On Jan. 16, 2015, Iowa commercial motor vehicle enforcement stopped and ticketed the driver of a Jake Rieger tractor-trailer truck for operating an unsafe tractor-trailer truck and for lacking proper state registration. The driver was directed to a repair shop, contacted his employer and returned to Nebraska. OSHA's investigation found on Jan. 22, 2015, a co-worker drove the employee back to the repair shop in Corydon, Iowa, to retrieve the truck. Jake Rieger Farms directed him to drive the vehicle - which still lacked proper registration - back to Nebraska. The company told the driver to start his return trip after law enforcement personnel left the area. When the driver refused to do so, the company immediately terminated him and forced him to find his own transportation home to Nebraska, a distance of about 170 miles.
OSHA has ordered Jake Rieger Farms to pay the driver $25,000 in punitive damages and $30,000 in compensatory damages which includes back wages, repayment for tickets paid by the driver that were issued by the Iowa DOT, attorney fees, transportation back to Nebraska and compensation for distress.
OSHA enforces the whistleblower provisions of 22 statutes protecting employees who report violations of various airline, commercial motor carrier, consumer product, environmental, financial reform, food safety, motor vehicle safety, health care reform, nuclear, pipeline, public transportation agency, railroad, maritime and securities laws.

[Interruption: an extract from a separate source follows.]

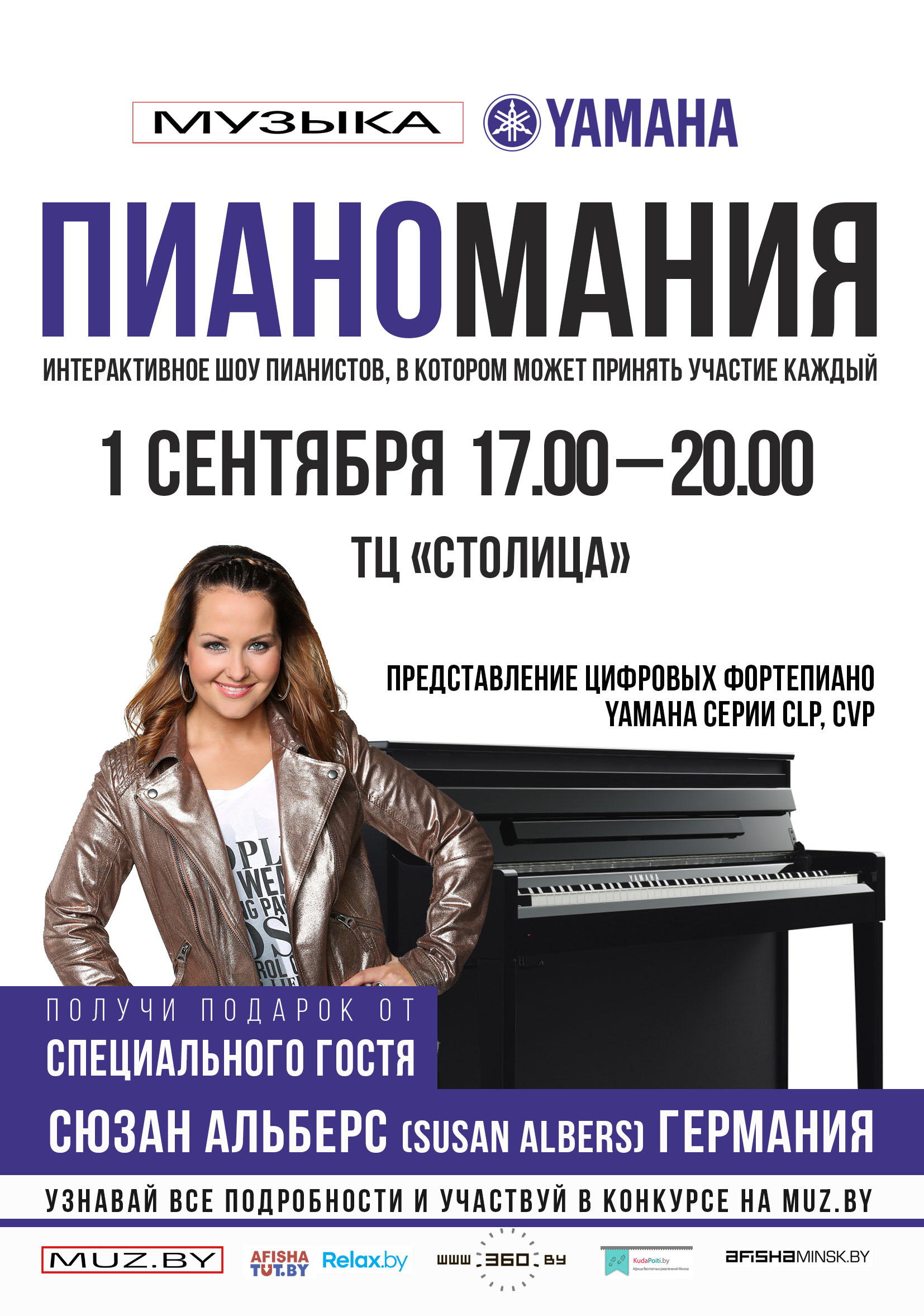 1 сентября в Минске впервые пройдет интерактивное шоу пианистов под названием Пианомания, в котором сможет принять участие каждый желающий. В рамках мероприятия в ТЦ «СТОЛИЦА» выступит с мастер-классом известная немецкая пианистка и вокалистка Сюзан Альберс, а зрителей ждут сюрпризы и подарки от компании YAMAHA и магазина «Музыка».

Both parties have 30 days from the receipt of OSHA's findings to file objections and request a hearing before an administrative law judge.
Employers are prohibited from retaliating against employees who raise various protected concerns or provide protected information to the employer or the government. Employees who believe that they have been retaliated against for engaging in protected conduct may file a complaint with the secretary of labor for an investigation by OSHA's Whistleblower Protection Program. More information is available online at http://www.whistleblowers.gov.
Under the Occupational Safety and Health Act of 1970, employers are responsible for providing safe and healthful workplaces for their employees. OSHA's role is to ensure these conditions for America's working men and women by setting and enforcing standards, and providing training, education and assistance. For more information, visit http://www.osha.gov.
Editor's note: The U.S. Department of Labor does not release names of employees involved in whistleblower complaints.